As I see serious interest and passion about headphones, I would like to spread with you some results to make headphones much more accurate sound source as they potentially can be because of small dimensions of them, close „connection” to listener and possibly less their own problems. But, instead of this, it is very tricky to make reliable measurement of headphones. The term „reliable measurement” means that it may be used for correction and such correction will remove any coloration and do not add new ones.
Please find attached my collection of measurements that were used for correction.

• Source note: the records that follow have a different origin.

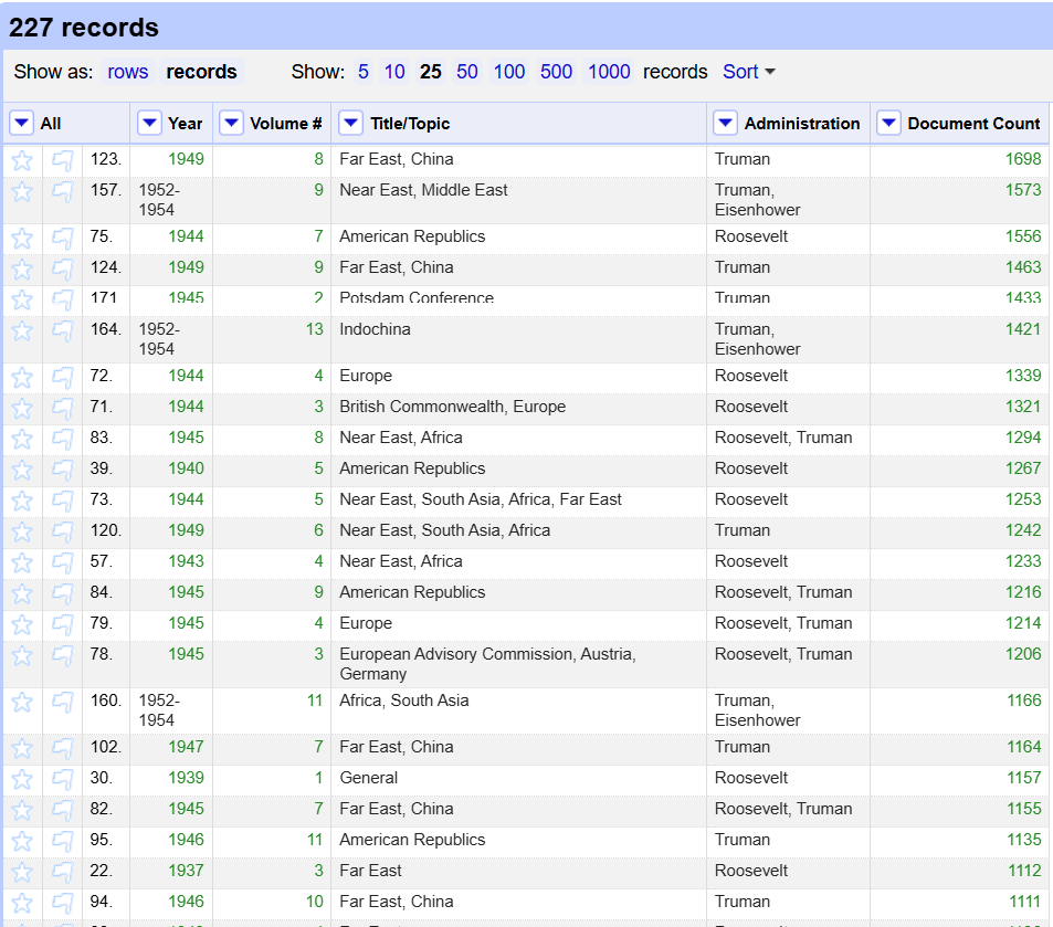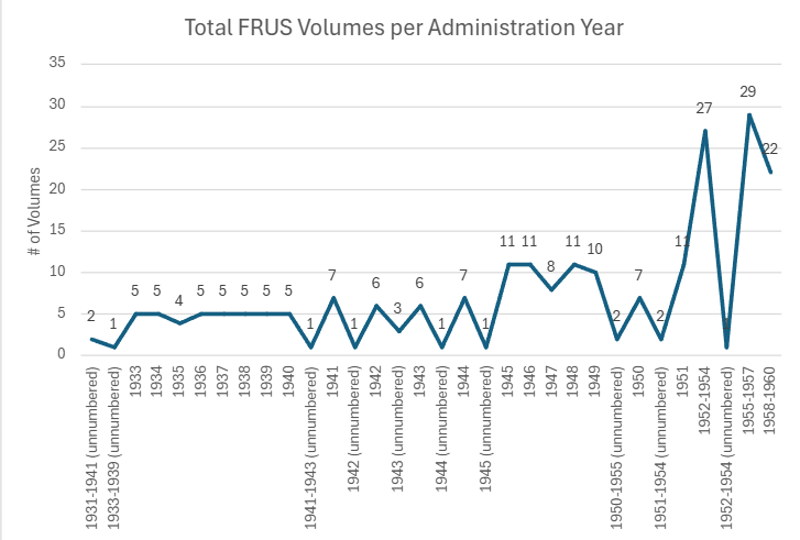 The FRUS archives reached a uniform, topical organization system in 1933, so this study begins its dataset there and continues through the end of the Eisenhower presidency in 1960. This creates roughly thirty years of data to analyze without encroaching on the Kennedy assassination or simply getting too big for a single researcher to manage. The chosen dataset includes each title, the year(s) covered, the presidential administration, the volume number within the series, and the total document count. All characters and numbers in the dataset are listed exactly as written on the FRUS online archive. This was all fed into a spreadsheet, which could then compare descriptive data to the item’s size. In other words, this report could determine how prolific a given administration, topic, or year was, based on how many FRUS documents were associated with it. The volume number within the series also creates a ranking system from “first published” down to “most recently published.” The study hoped to find a trend in what topics get published first from each administration and if there is any evidence to suggest why those titles roll out before the others.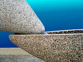 Sapiente è la scelta dei materiali naturali: frammenti di granito per la superficie delle due forme principali che oltre ad indicarne la complementarità (il pieno tende alla colorazione azzurra mentre il cavo al colore rosso) ne assicurano la brillantezza.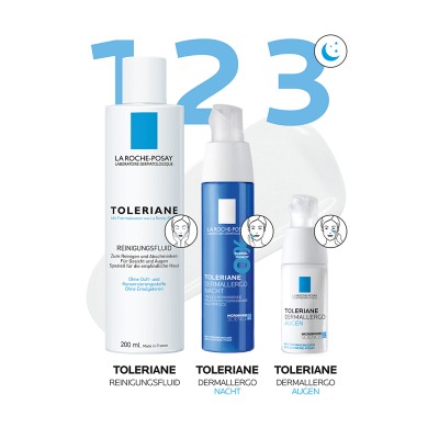 So kann auch hochsensible Haut sanft gereinigt werden, ohne Hautreizungen hervorzurufen. Zudem eignet sich die TOLERIANE Dermallergo Creme als Tagespflege und TOLERIANE Dermallergo Augen als spezielle Pflege für die empfindliche Augenpartie.

The measured headphones were:

AKG K701 2 pairs
AKG_K271 2 pairs
AKG_K99
AKG240_55 Ohm
AKG240d_600 Ohm
AKG271 Mk2
Audio-technica_ATH-M50 2 pairs
Beyerdynamic 770
Beyerdynamic 990
Beyerdynamic DT880 pro 2 pairs
KRK_KNS6400
Lambo_MH699v
Pfilips_SHP2000
Philips_SHP2500
Pioneer_SE-M521
Sennheiser HD449
Sennheiser HD518
Sennheiser_HD600 6 pairs
Sennheiser_HD650 4 pairs
Sennheiser_PXC450
Sony_mdr_xd150
Sony_mdr-xd100 2 pairs
TDK_life_on_record
Technics_RP-DH1200

All curves you can see in this dropbox folder:
https://www.dropbox.com/sh/rbtgrgmpfq1dq34/AAAjDPlYInR0mfLmjbLtaCSla?dl=0

Or download them as rar archive (just 4.5Mb):
https://dl.dropboxusercontent.com/u/1893655/HP/HP_all.rar

Some examples.


----------



## Hanatsu (Nov 9, 2010)

I knew beforehand that headphones had these kinds of response errors that sometimes are worse than speakers in a normal living room. Corrections made for headphones would be awesome since you get very predictable results. I have used FIR based correction for my AKG Q701 headphones for quite a while now, not as sophisticated as the APL software can pull off though as I made them "manually". 

The APL unit has so far improved my car audio, home audio system, my computer system drastically so it wouldn't be a surprise to me if most headphones on the market could benefit just as much from these corrections. No need to buy expensive headphones when you correct the response and make about any decent headphone sound like a reference pair


----------



## gijoe (Mar 25, 2008)

Neat, but how can we tell which graph coo responds to which headphones, I don't see labels.


----------